Этот модальный белорус – человек середины, конкретного и здравого смысла. Это не значит, что он непременно остановит свой взгляд на том, кто похож на него самого. (Помню, как в день выборов в 1994, подвыпивший мужичонка изумлялся на улице: "Он же – как я. Это что, значит, и меня могли избрать?" И качал головою, мол, вот ведь как оно... неправильно как-то).

Тем не менее, рядовому белорусу не по душе сами имиджи наших политиков. Назовем лишь некоторые из них (эта тема для отдельной статьи): "жертвы", "интеллектуалы", "комсомольцы", "клоуны", "торговцы искренностью". Иногда эти амплуа идут в связке.
Белорус жалеет жертв. Не так, как в 90-е: там время было такое. Не так, как русские (вспомним, как воспарил Ельцин на фразе "Борис, ты не прав!), однако жалеет. Но, прикинув, идет все же за победителем.

Тут работают две тенденции: древняя и современная. С одной стороны, победа сама по себе сакрализует образ власти, с другой, в нынешней Беларуси вполне прижился западный культ успешности. Успех санкционирует правоту лидера.

Интеллектуалы – с их западными степенями и ладно сшитыми пиджаками –раздражают. Раздражают красивые, никогда не сбывающиеся прогнозы. Самодовольство первых учеников. Презрение к тем, кто находится ниже их на социальной лестнице. Голливудски-белозубые улыбки и непонятные словечки. Вездесущность: посольства и приемы, приемы и посольства. Их манера делить жизнь между Варшавой, Брюсселем и австрийскими горнолыжными курортами (без отрыва от решения судеб Отчизны).

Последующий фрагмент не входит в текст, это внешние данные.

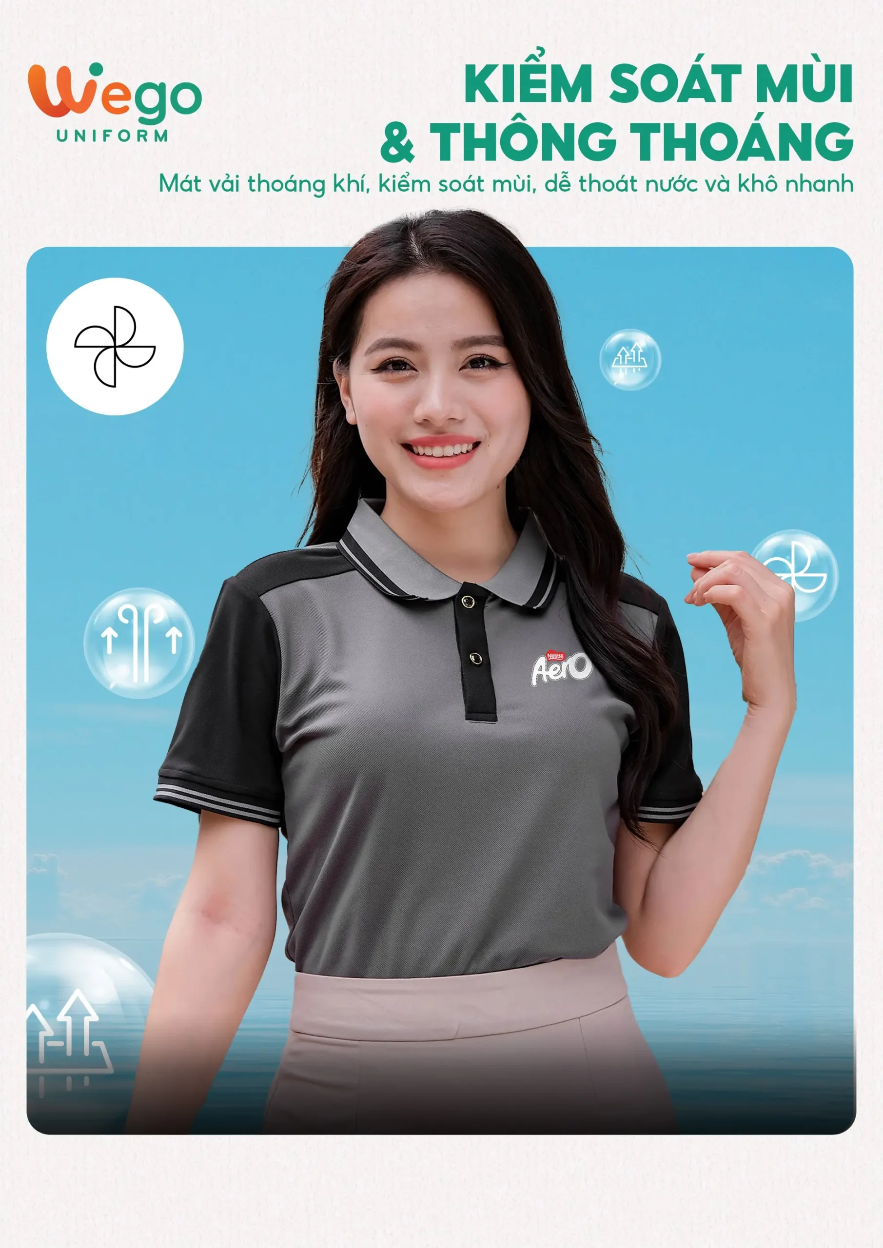 - Được thiết kế độc quyền bởi Wego Uniform, vừa nâng cao tính thời trang, vừa giúp nâng cao nhận diện thương hiệu

Раздражают их гламурные празднества не просто в дорогих, но очень дорогих ресторанах.

И при этом белорусский обыватель чует: потенциально эти удачники – тоже жертвы, как высоко бы не воспарили. Лузеры. Что у них кишка тонка. Как и оказывается.

Еще один типаж: его различит любой, кто жил в СССР – освобожденный комсомольский работник. Неглупый, циничный, менее белозубый, но более зубастый, нежели интеллектуал. Практичный. Умеющий стричь купоны с любой ситуации. Обожающий порассуждать о нарушенном социальном контракте между народом и государством, а также о том, что народу надо "немного больше свободы". Именно это "немного больше" он и собирается дать.

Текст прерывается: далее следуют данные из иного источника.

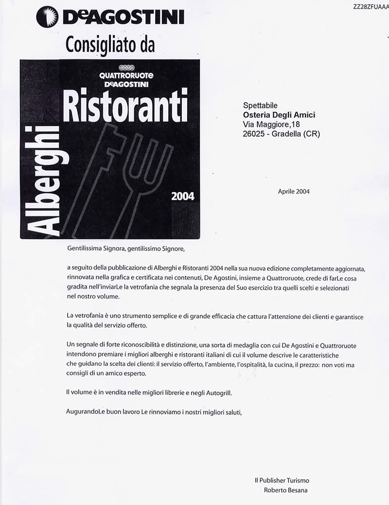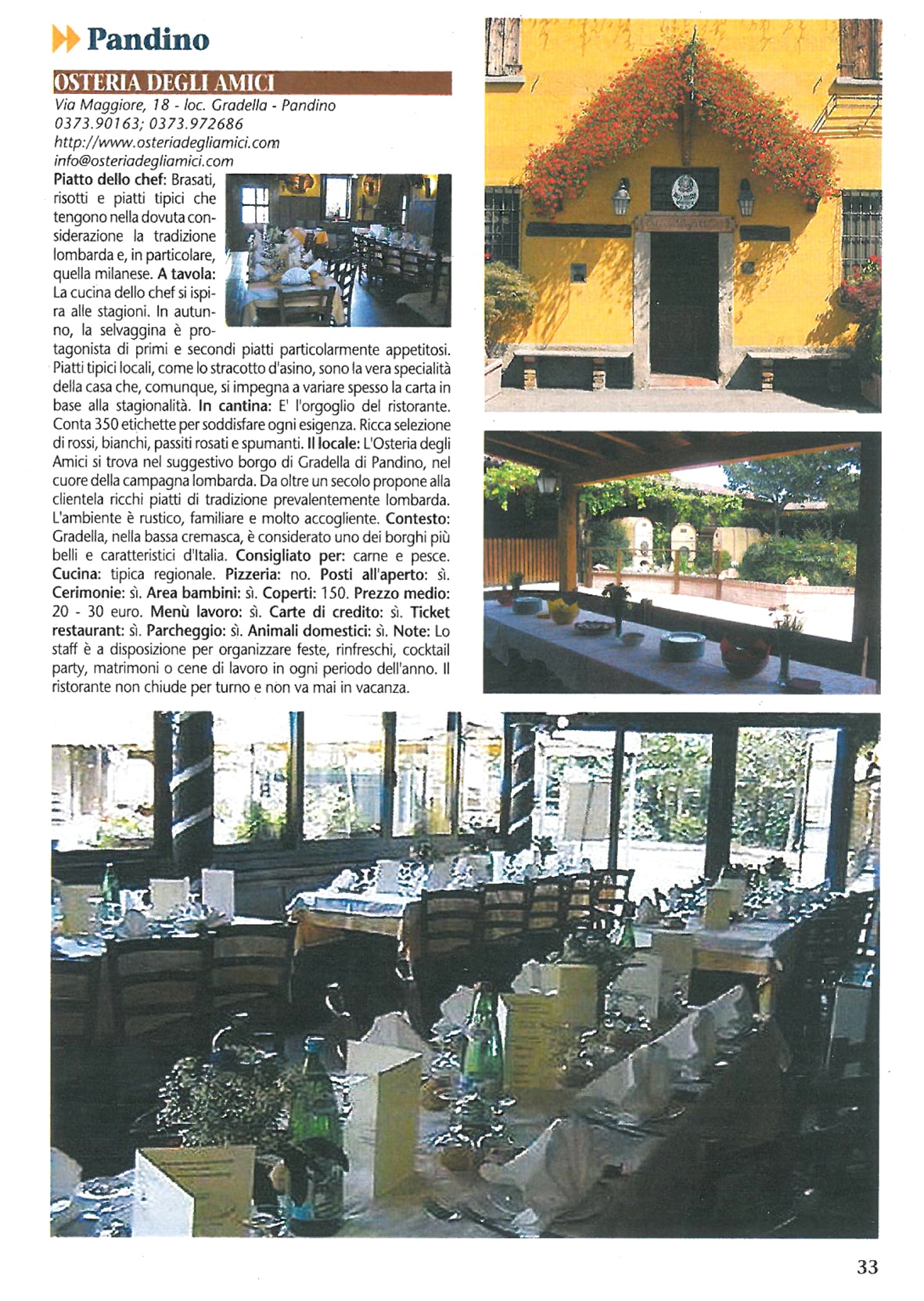 Guida Ristoranti 2009 - L'Osteria degli Amici nella guida Ristoranti 2009

Практически в том же виде он встречается и в вертикали, среди так называемых "голубей", которые, впрочем, без особых душевных колебаний перелетают в стаю "ястребов". В этом его беда: вероятно, этот персонаж имел бы большее количество шансов, нежели другие, если бы не существовало его абсолютных аналогов среди власть предержащих. От добра добра не ищут, думает белорус, т.е. здравый человек: но те уже нажрались, а эти, новенькие – нет.

Не буду детально о "клоунах" (или, как ныне модно говорить, "троллях"): главное – назвать тип, а ассоциация появится сама. Клоун – на то и клоун, чтоб быть битым, на арене ли цирка или в политике. Впрочем, амбиции клоунов, как правило, ограничиваются самопиаром: они шумны, но в сущности осторожны. Отсюда – закономерное следствие: те, кто не толчется в фэйсбуке, их просто-напросто не видят.

И наконец, торговец искренностью. Если интеллектуал самодоволен, то торговец искренностью самоупоен. Он хороший оратор. Он радикален и при этом "пронырлив, как коростель". Главное его достоинство (а для политика это и впрямь достоинство) – размытое различие между правдой и ложью, что позволяет ему быть убедительным в самых противоречащих друг другу словам и поступках. Словом, человек, похожий на Лукашенко (впрочем, эти характеристики не исчерпывают политической фигуры Лукашенко. Вообще же "гарант" объединяет черты разных типов, кроме, разве что, интеллектуала. Но кому сейчас нужен интеллектуал?). Проблема такого претендента в том, что этот имидж в Беларуси сработал без малого 20 лет назад и в замене пока не нуждается.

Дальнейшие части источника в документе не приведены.